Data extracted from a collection
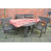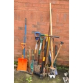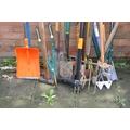 A SELECTION OF GARDEN TOOLS including a Fiskars weed puller, pick axe, forks, shovels, etc
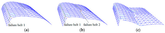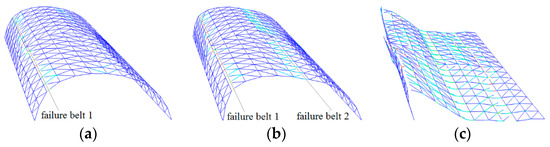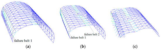 Collapse process of cylindrical reticulated domes of different span/depth ratios at typical times (span/depth = 4:1): (a) belt 1 formed, (b) belt 2 formed, (c) dome collapses.
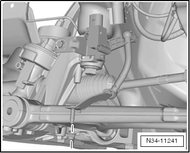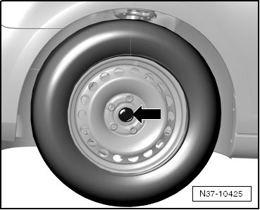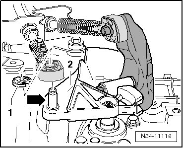 - With the vehicle still sitting on its wheels, loosen the left front drive axle bolt - arrow - a maximum of 90°. Otherwise the wheel bearing will get damaged.
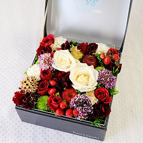 花由 ボックスフラワー hana cube◆グランデ(大)◆黒箱 ノエル (フラワーギフト クリスマスプレゼント 誕生日プレゼント 女性 結婚祝い お祝い 生花)
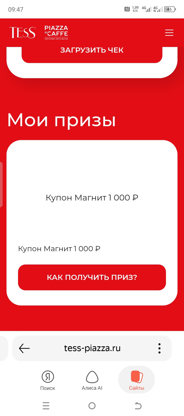 Призы / Лента призов / galimova86 / Сертификат 1000 рублей от Tess
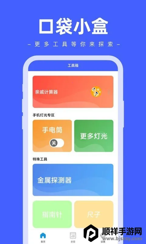 口袋小盒2026官方最新版本是一款多功能手机工具箱软件,涵盖手电筒、计算器等众多实用工具,无广告且免费。资源多更新快,工具覆盖广、操作简单,能满足生活日常需求,让手机使用更便捷。

**Try it**
The response should repeat each record precisely and contain no pictures.

**Result below**
 A SELECTION OF GARDEN TOOLS including a Fiskars weed puller, pick axe, forks, shovels, etc
 Collapse process of cylindrical reticulated domes of different span/depth ratios at typical times (span/depth = 4:1): (a) belt 1 formed, (b) belt 2 formed, (c) dome collapses.
 - With the vehicle still sitting on its wheels, loosen the left front drive axle bolt - arrow - a maximum of 90°. Otherwise the wheel bearing will get damaged.
 花由 ボックスフラワー hana cube◆グランデ(大)◆黒箱 ノエル (フラワーギフト クリスマスプレゼント 誕生日プレゼント 女性 結婚祝い お祝い 生花)
 Призы / Лента призов / galimova86 / Сертификат 1000 рублей от Tess
 口袋小盒2026官方最新版本是一款多功能手机工具箱软件,涵盖手电筒、计算器等众多实用工具,无广告且免费。资源多更新快,工具覆盖广、操作简单,能满足生活日常需求,让手机使用更便捷。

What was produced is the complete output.